LOOP: MOV D, M         ; D ← current element
      CMP D            ; Compare A (max) with D
      JNC SKIP_MAX     ; If A ≥ D, skip updating max
      MOV A, D         ; A ← new max

SKIP_MAX:
      MOV E, D         ; E ← same current element
      MOV D, B         ; D ← current min
      CMP E            ; Compare B (min) with current element
      JC SKIP_MIN      ; If B < E, skip updating min
      MOV B, E         ; B ← new min

SKIP_MIN:
      INX H            ; HL → next element
      DCR C
      JNZ LOOP
HLT

🧪 Manual Test (Continued)

With:

2500H = 04H
2501H = 30H
2502H = 10H
2503H = 50H
2504H = 20H

After execution:

A should contain 50H (largest)
B should contain 10H (smallest)

The loop completes the core logic.
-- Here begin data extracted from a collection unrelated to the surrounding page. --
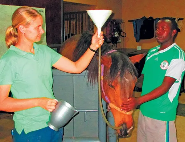 The vet will begin by injecting a tranquilliser and a muscle relaxant. Then he or she will pass a stomach tube through one of the horse’s nostrils and down its oesophagus, hold the head lower than the chest, and pour water and a lubricant down the tube to flush away the obstruction.
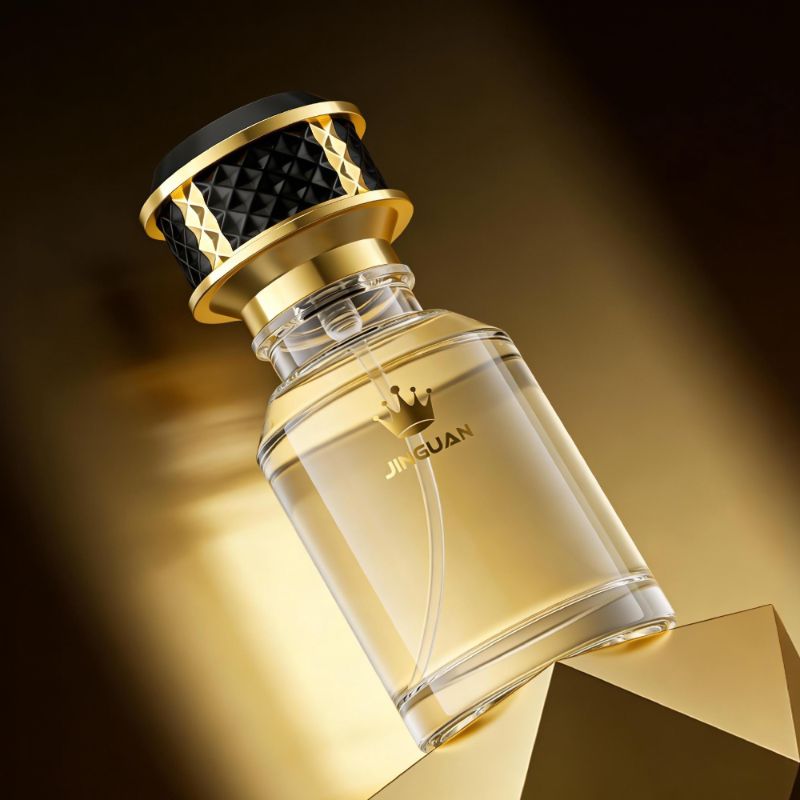 The golden perfume hue harmonizes with the metallic accents, enhancing the bottle’s grandeur and making it exceptionally eye-catching in retail displays or photography.
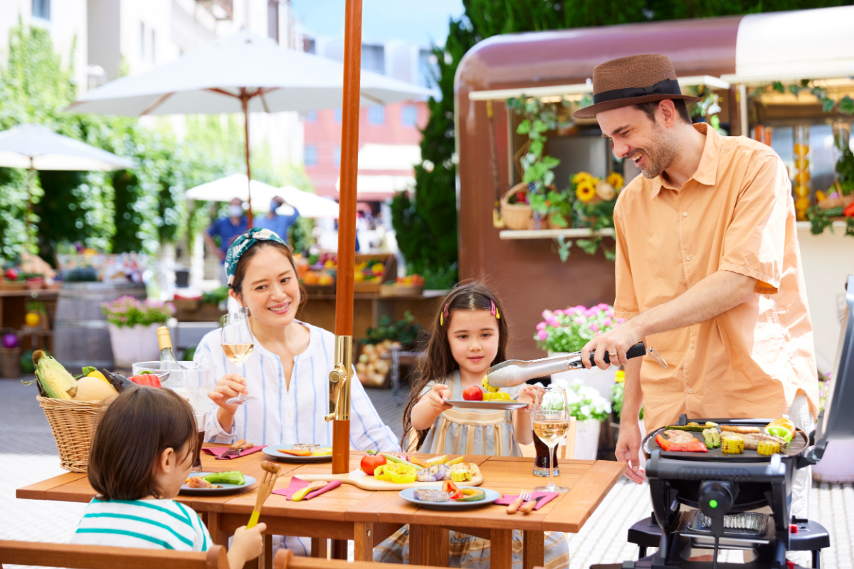 また、キッチンカーでは、野菜をカットする⼿間なく、すぐに⾷べられるように、あらかじめカットされた、ズッキーニ、パプリカ、とうもろこしなど10種類の「野菜セット」2000円を⽤意。グリル台やトング、カトラリーのレンタルが付いている「グリル台セット」1000円をレンタルして、⻘空の下、バーベキューを楽しめます。
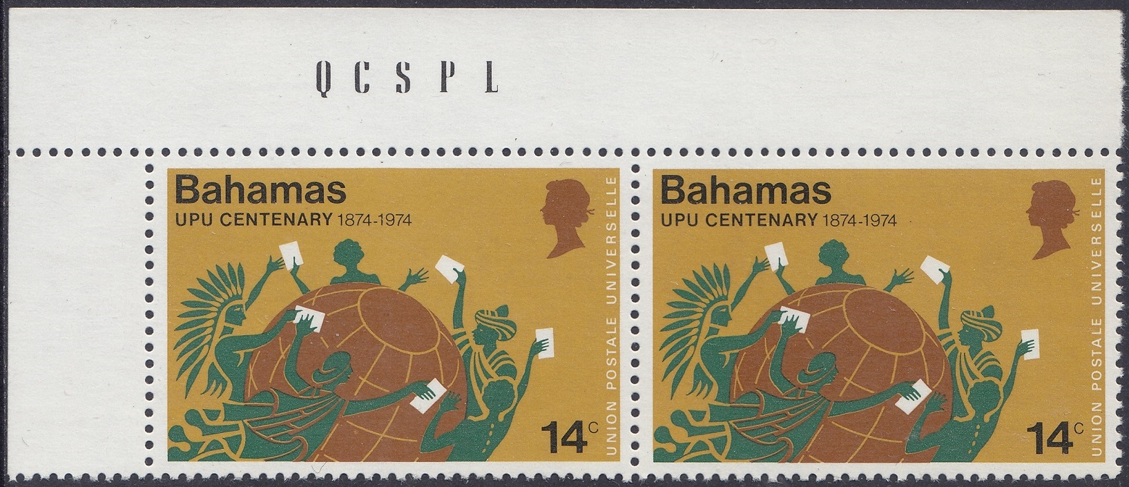 Bahamas Bahamas Philately: 1974 Universal Postal Union Centenary (1874-1974) – 14c UPU Monument thedigitalphilatelist 23/04/1974 Details Designer: P Powell Printer: Questa Colour Security Printers Limited (The House of Questa) Process: Lithography Paper: Watermark: Multiple St Edward’s Crown Block CA Perf: 14 (comb) Cylinders: Sheet: Quantity: Share this: Share on Facebook (Opens in new window) Facebook Share on X (Opens in new window) X Like this:Like Loading... Related
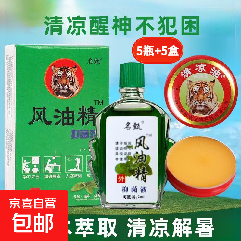 【王牌】风油精正宗老牌提神醒脑清凉防虫止痒防困防晕车清凉油 风油精【5瓶】+清凉油【5盒】

Next, we’ll store the results into memory.

🧱 Step 4: Store the Results in Memory

After scanning the entire array:

We now store these results at their designated memory addresses to make them observable and usable outside the program.

📦 Output Mapping

Address	Meaning
`3000H`	Largest value
`3001H`	Smallest value

🧾 Code (Store Phase)

LXI H, 3000H     ; HL → output location
MOV M, A         ; Store largest at 3000H
INX H            ; HL → 3001H
MOV M, B         ; Store smallest at 3001H
HLT

This completes the program’s contract: ✅ Read array → ✅ Compare each element → ✅ Write final results

🧪 Manual Test

For input:

2500H = 04H
2501H = 30H
2502H = 10H
2503H = 50H
2504H = 20H

Expected output after execution:

3000H = 50H   ; Largest
3001H = 10H   ; Smallest

📚 Summary

This program walks through an array in memory and identifies both the largest and smallest 8-bit values using straightforward comparison and conditional logic.

Key concepts covered:

Initializing state from the first element
Comparing elements using CMP, JNC, and JC
Using registers (A, B) as running max/min
Writing outputs clearly and predictably to memory

The program uses no subroutines or extra memory, everything is done using registers and direct memory access, making it perfect for learning array processing in 8085 assembly.